The single largest contributor to Arafat's PA since its inception is the EU. Still today, as the evidence has become overwhelming that the PA is a terrorist entity from head to toe, the EU insists on continuing its financial support. Just last month the EU announced it was donating another 340 million euros to the PA. This week, the Ad-Hoc Liaison Committee, the body responsible for coordinating aid to the PA is meeting in Oslo to put together a new financing package.

 

The EU also is a major financial backer of Yossi Beilin's Economic Cooperation Foundation.

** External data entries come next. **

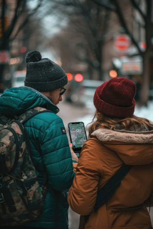 Two people are standing on a snowy street, one of them holding a cell phone. They are both wearing winter hats and backpacks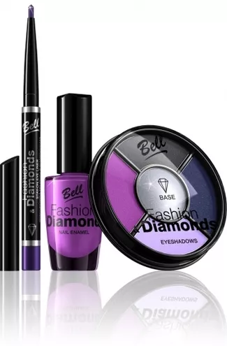 W tegorocznym makijażu karnawałowym baza jest absolutnie diamentowa! To prawdziwy sekret wyjątkowego look`u . Wszystko za sprawą czterokolorowych cieni Fashion & Diamonds ze złotą lub srebrną bazą w kolorystycznych kolażach: fiolet indygo/ametystowa zieleń/czekolada/beż oraz kobaltowy granat/amarant/grafit/kwiat lotosu. Dzięki zawartości mikrocząsteczek miki kosmetyk jest jedwabiście gładki i miękki, zaś aksamitna formuła wzbogacona mikronizowanymi pigmentami gwarantuje ultradelikatne i równomierne rozprowadzenie kosmetyku na powiece.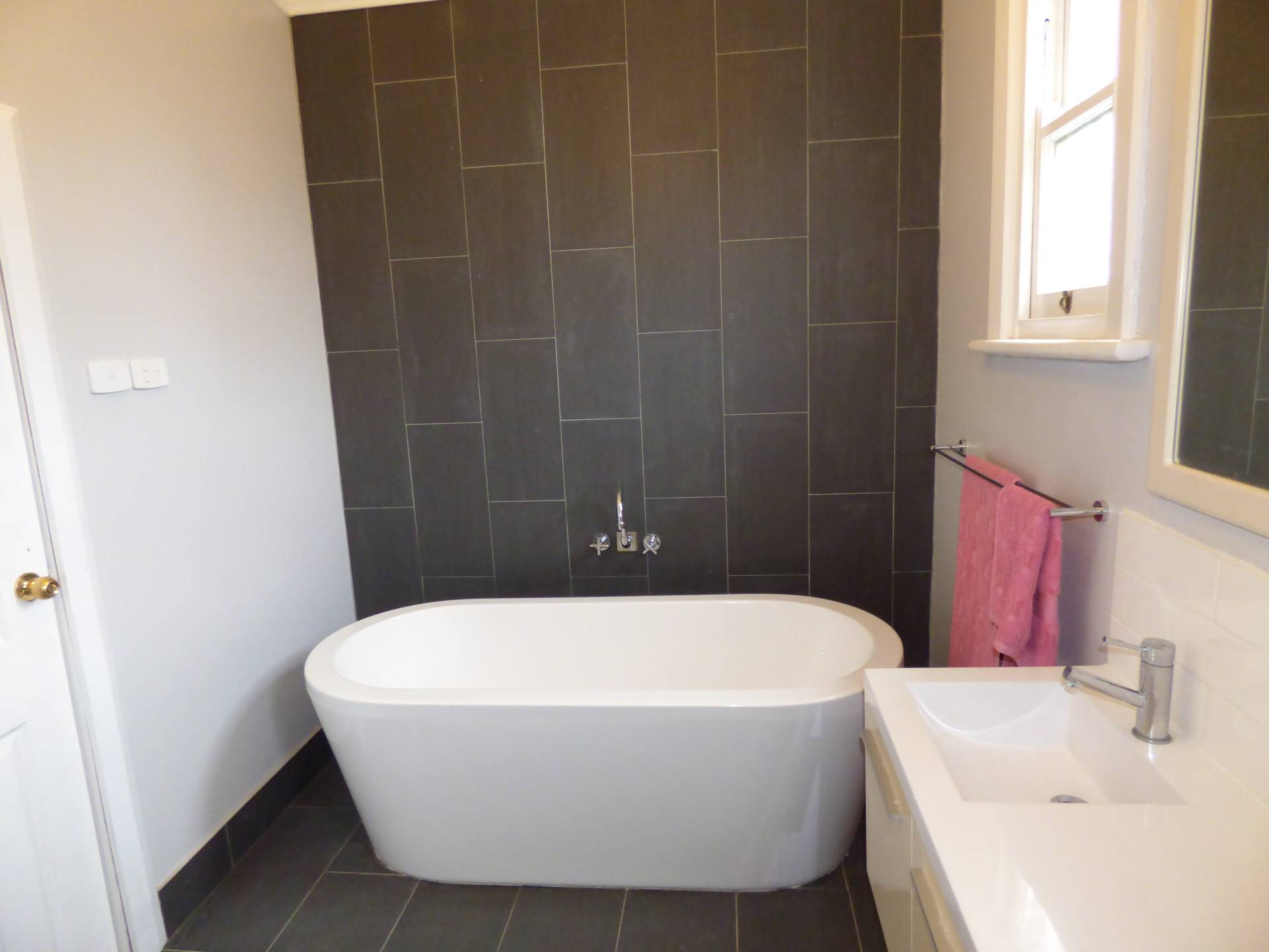 The spacious bathroom is fully renovated with floor to ceiling format tiles to the shower and bath walls and is equipped with a floating vanity unit, toilet, glass corner shower and classic oval free-standing bathtub. The two high windows allow plenty of natural light in.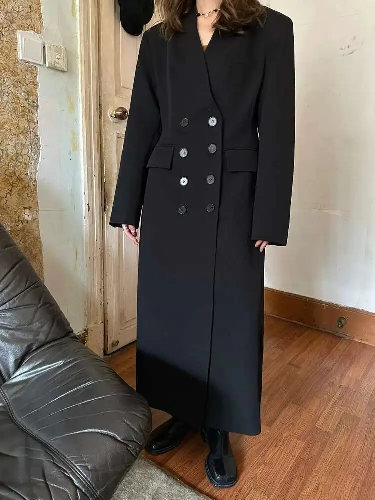 Women Black Brief Double Breasted Long Elegant Blazer New Lapel Long Sleeve Jacket Fashion Tide Spring Autumn 2025 1LD1678

In addition, it funds organizations like Rabbis for Human Rights, which recently participated in organizing delegations of foreign activists who were brought here to stand in front of IDF tanks and attempt to force their way through IDF roadblocks.

 

Aside from the realpolitik justification for such meddling in Israel's internal politics – that such organizations, through their work provide a source of influence and a launching pad for increased EU power in the Levant – the revelation that the Peres Center paid Larsen and Juul $100,000 provides a fiduciary interest as well.

 

Simply put, keeping Oslo alive is good business.

 

The victims of all of this inbreeding are, of course, the Israeli and Palestinian peoples. On the Israeli side, having Shimon Peres wearing the twin hats of life force behind the Peres Center enterprise and foreign minister represents an inherent conflict of interest with potentially serious repercussions for the conduct of foreign policy.

 

On the Palestinian side, the continuation of Arafat's mafia-style reign suffocates any prospect for economic growth and develo
pment and, of course, destroys any possibility of political settlement.

 

 

A few months ago, a senior governmental source said to me, "If you want to understand why Israel isn't fighting Arafat, follow the money." Well here you have it.